[Records supplied Boundary: Start]
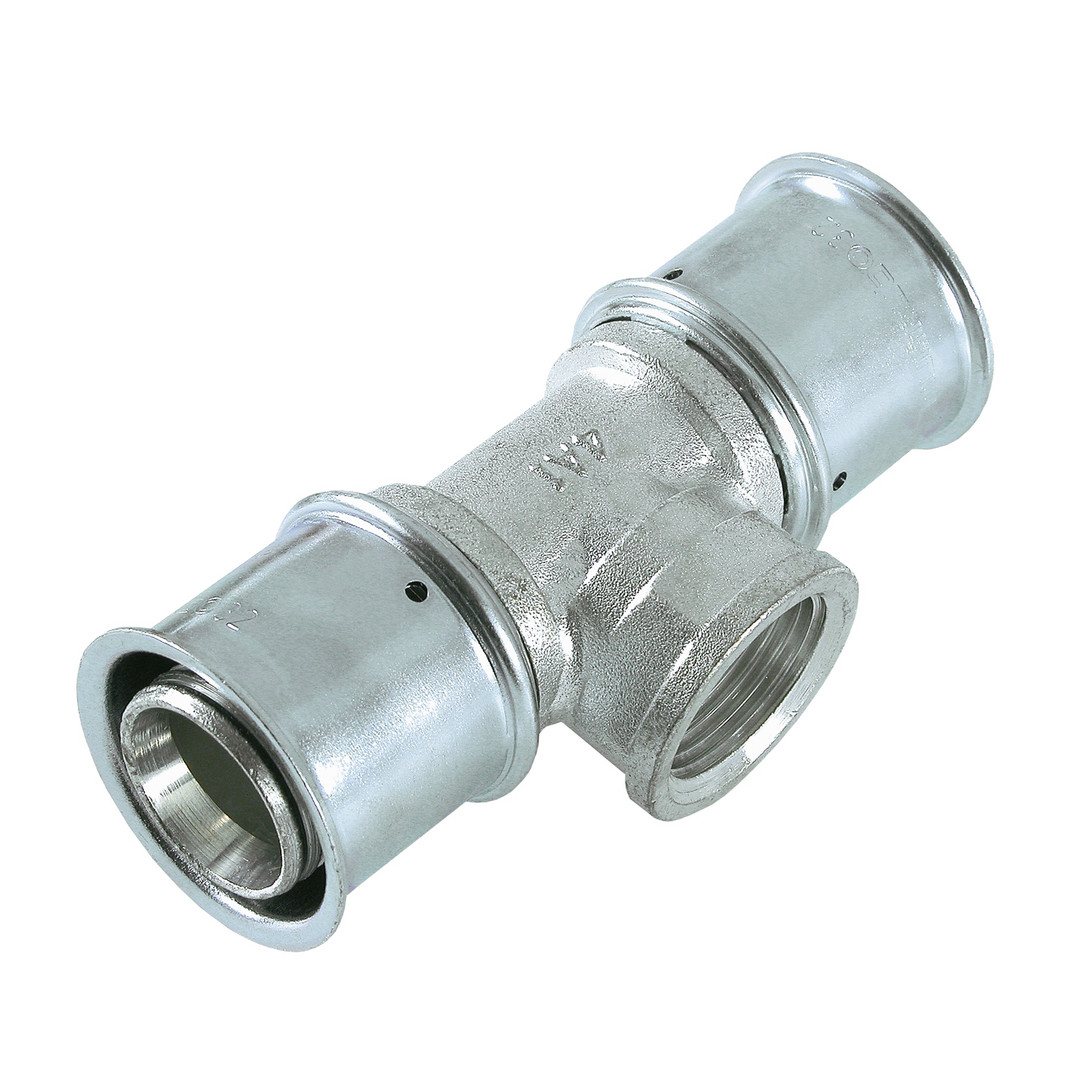Multitubo Metall-Press-T-Stück 25 mm x 1/2" IG x 25 mm, Messing verzinnt 237833
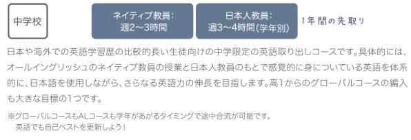 英語の授業だけ、取り出し授業を行い授業内容は1年間分先取りの授業をします。中学入学時は英検3級から準2級程度、高校進級時には英検準1級程度の英語力を養成しGL(グローバル)コースに合流することを目指します。
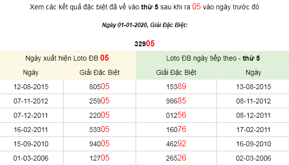 Xem các kết quả đặc biệt đã về vào thứ 5 sau khi ra 05 vào ngày trước đó
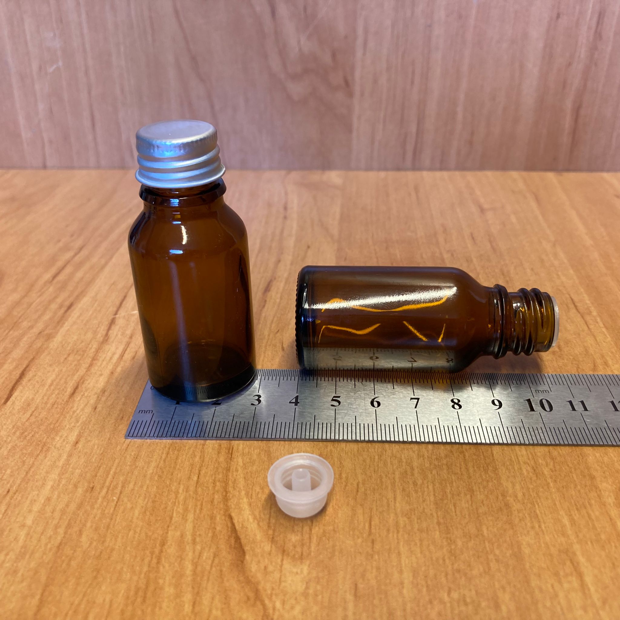15 CC AMBER İÇTEN DAMLALIKLI - GÜMÜŞ METAL KAPAKLI CAM ŞİŞE - 15 ML KOLONYA TIPALI CAM ŞİŞE
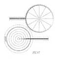 FIG. 47 shows a layout of circular UnMousePad showing both radial and concentric circle electrodes on top and bottom sensor layers.
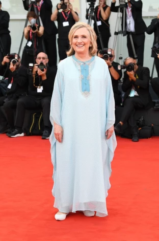 Хиллари Клинтон неожиданно появилась не в брючном костюме, в котором ее привыкли видеть, а в платье-кафтане.
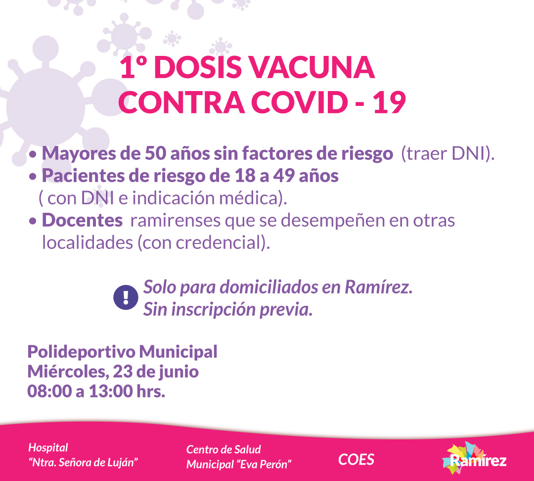 En esta oportunidad la inmunización estará destinada a mayores de 50 años sin factores de riesgo (con DNI), pacientes de riesgo de 18 a 49 años (con DNI e indicación médica) y docentes ramirenses que se desempeñen en otras localidades (con Credencial).
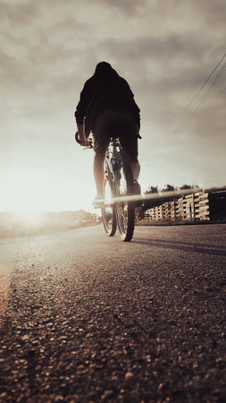 Low-angle view of a cyclist riding along a country road at sunset. Concept of freedom, adventure, healthy lifestyle, outdoor sports, and evening cycling.
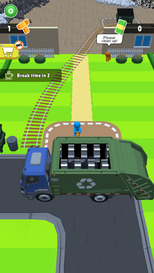 3、把垃圾运输到垃圾车里,即可获得资金,重复这个动作来获取更多的资金购买道具,升级。
[Records supplied Boundary: End]
*Instructions for the task*
Give again, word for word, the lines above from the first one through the one containing "Xem các kết"; no pictures.

*Response below*
Multitubo Metall-Press-T-Stück 25 mm x 1/2" IG x 25 mm, Messing verzinnt 237833
 英語の授業だけ、取り出し授業を行い授業内容は1年間分先取りの授業をします。中学入学時は英検3級から準2級程度、高校進級時には英検準1級程度の英語力を養成しGL(グローバル)コースに合流することを目指します。
 Xem các kết quả đặc biệt đã về vào thứ 5 sau khi ra 05 vào ngày trước đó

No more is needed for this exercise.